Warum veröffentlichen wir Fotos des Angeklagten im sogenannten Erlabrunn-Prozess nicht ungepixelt, „wo ihn doch sowieso jeder kennt“? Diese Frage hat in den vergangenen Tagen etliche Leserinnen und Leser beschäftigt. Unsere Haltung dazu ist eindeutig: Im genannten Fall wiegt das Persönlichkeitsrecht des angeklagten ehemaligen Gemeindemitarbeiters schwerer als das Informationsinteresse der Allgemeinheit. Im Pressekodex heißt es dazu in Richtlinie 8.1 (Kriminalberichterstattung): „Für ein überwiegendes öffentliches Interesse spricht in der Regel, wenn eine außergewöhnlich schwere oder in ihrer Art und Dimension besondere Straftat vorliegt.“ Oder wenn „eine schwere Tat in aller Öffentlichkeit geschehen ist“.
Das heißt: Redaktionen müssen sich stets fragen, ob ein Mord, ein Raubüberfall, ein Missbrauch oder eine Vergewaltigung Aufsehen erregt hat. Und: Ist daraus ein Informationsinteresse abzuleiten – auch auf die Namen der Täter und deren Bild?

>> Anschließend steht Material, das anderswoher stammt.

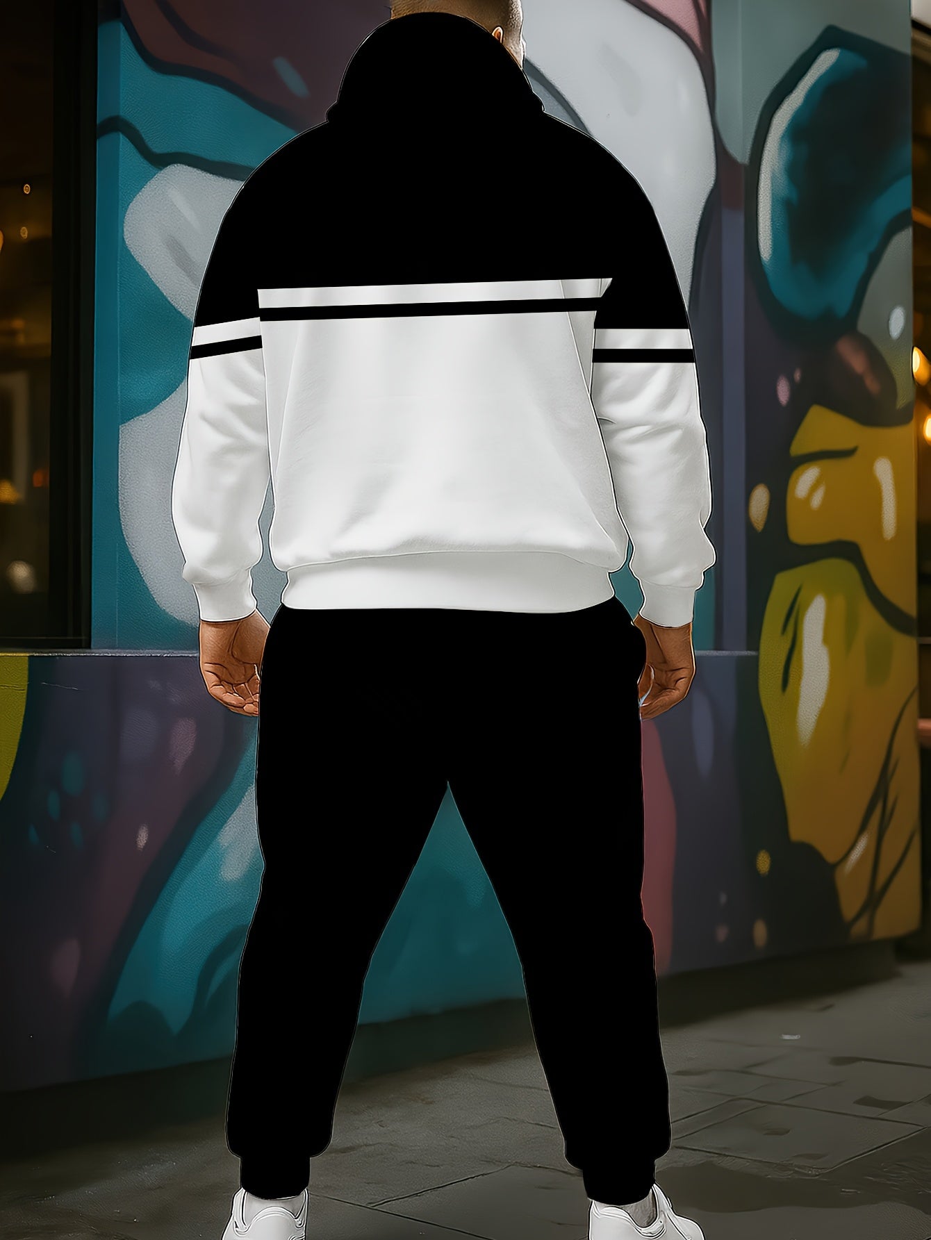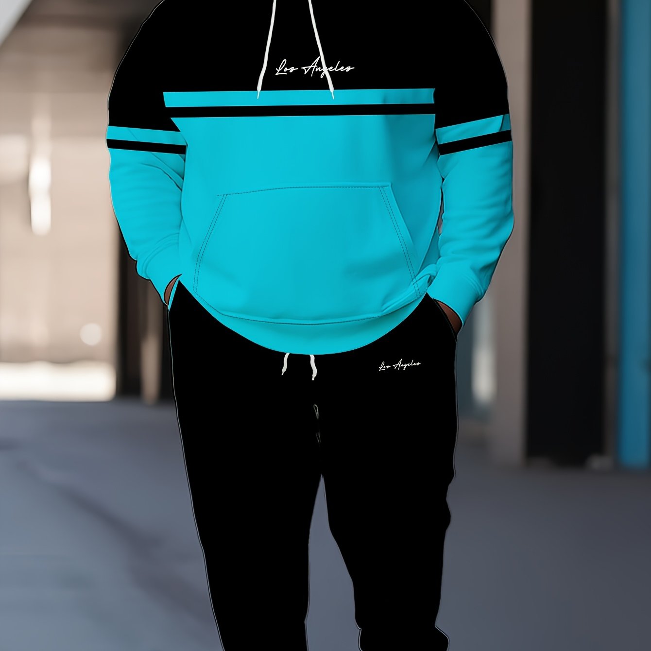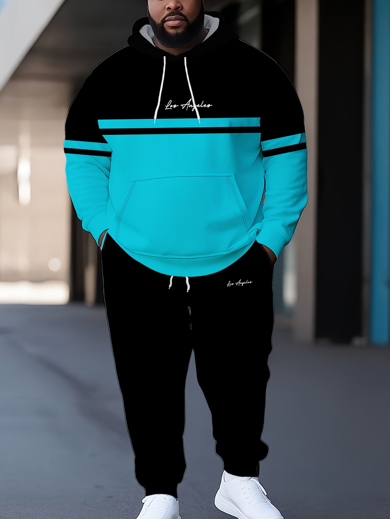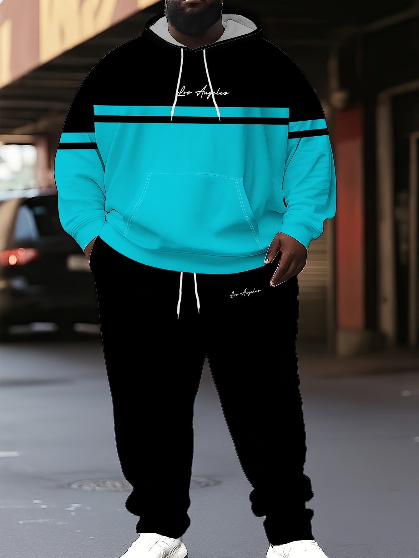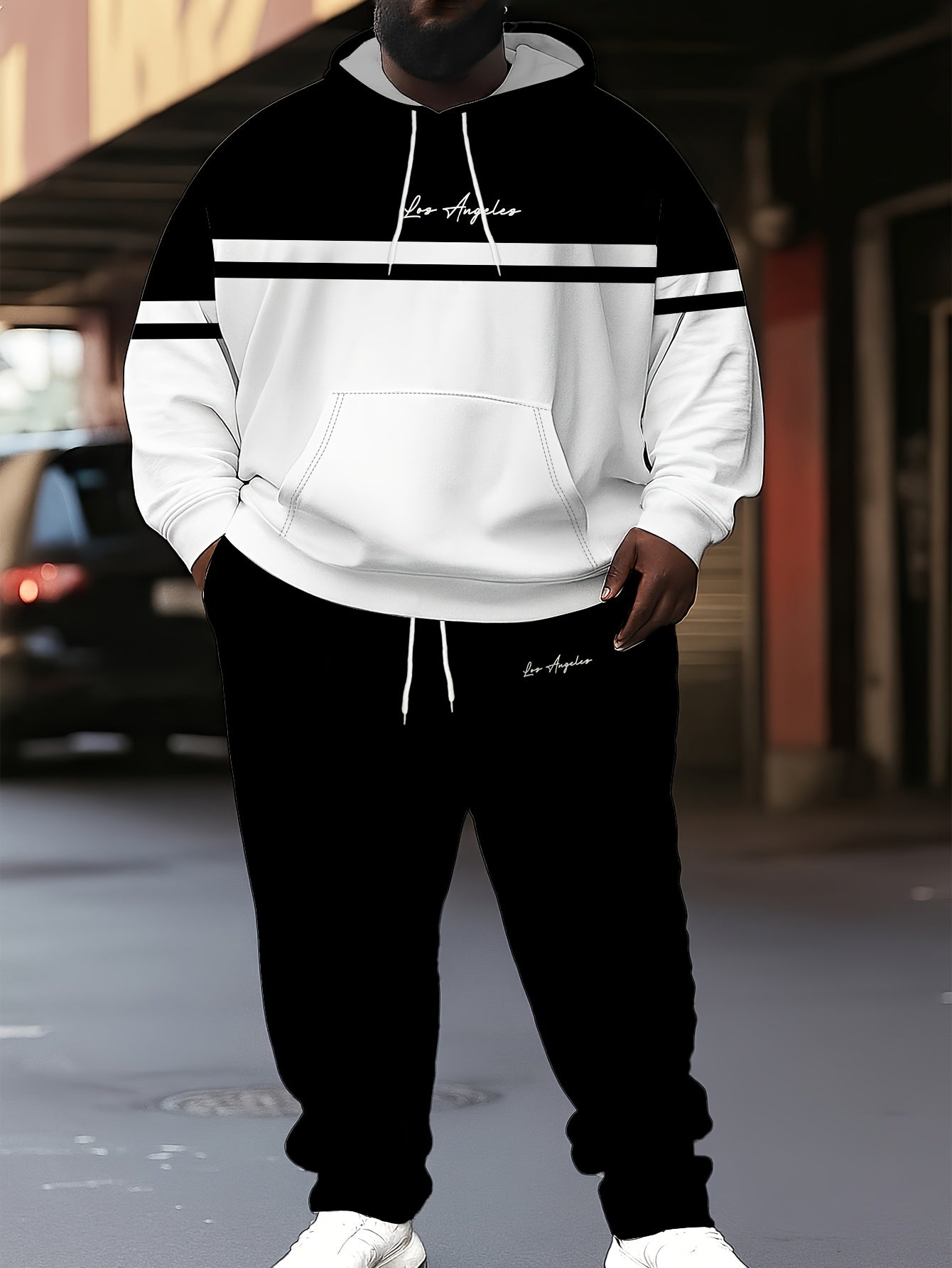 This plus size men's casual set features a hoodie and jogger pants adorned with a trendy Paris letter print, giving it a contemporary urban flair. Constructed from 100% polyester knit fabric, it offers a regular fit with a comfortable, non-stretch feel perfect for daily wear. The hoodie includes a traditional hooded collar, while the jogger pants present a relaxed fit that enhances the laid-back look. Made with durable materials and easy to maintain through machine washing, this set is ideal for casual activities or relaxing. Produced in Jiangxi, China, it blends modern style with functional comfort for plus size men.

Das öffentliche Informationsinteresse setzt in der Regel also dann ein, wenn die Straftat sich von der gewöhnlichen Kriminalität abhebt. Beispielsweise durch die Art und Weise, wie sie verübt wurde. Oder wenn es sich um eine Katastrophe nationalen Ausmaßes handelt – wie beim Attentat auf den Berliner Weihnachtsmarkt an der Gedächtniskirche vor zwei Jahren. All diese Kriterien sind nach Ansicht der Redaktion beim Erlabrunner Angeklagten nicht gegeben. Auch das Argument, Günther K. kenne sowieso jeder, trifft nicht zu. Er mag in seiner Heimatgemeinde und den umliegenden Ortschaften einen gewissen Bekanntheitsgrad haben, aber nicht darüber hinaus.
Anders ist die Situation beim sogenannten BVB-Attentäter: Wegen des Sprengstoffanschlags auf die Mannschaft von Borussia Dortmund hat das Dortmunder Landgericht den Angeklagten Sergej W. diese Woche zu 14 Jahren Haft verurteilt. Bei diesem Fall, der weltweit Aufsehen erregt hat, besteht unzweifelhaft ein erhebliches öffentliches Informationsinteresse. Ein Urteil des Bundesgerichtshofs besagt: Wer den Rechtsfrieden bricht, muss das durch ihn selbst erregte öffentliche Interesse dulden. Besonders gelte das für Aufsehen erregende Verbrechen, da bei ihnen ein anzuerkennendes öffentliches Interesse an näherer Information über Tat und Täter bestehe.
Doch selbst wenn es rechtens ist, heißt das nicht, dass automatisch auch Namen und Bilder veröffentlicht werden. Die Haltung unserer Redaktion ist in dieser Frage klar: Wir stellen niemanden ohne triftige Gründe an den „Medienpranger“. Sergej W. haben wir gepixelt. Eine Entscheidung, über die man, im Gegensatz zum Fall Günther K., sicher trefflich streiten kann.
Solche Fälle wird es immer wieder geben. Denn ob das öffentliche Informationsinteresse tatsächlich gegenüber den Persönlichkeitsrechten eines Verurteilten überwiegt, muss in jedem Einzelfall genau geprüft werden. Die endgültige Beurteilung und Wertung kann im Zweifelsfall ohnehin immer nur ein Gericht im Nachhinein treffen.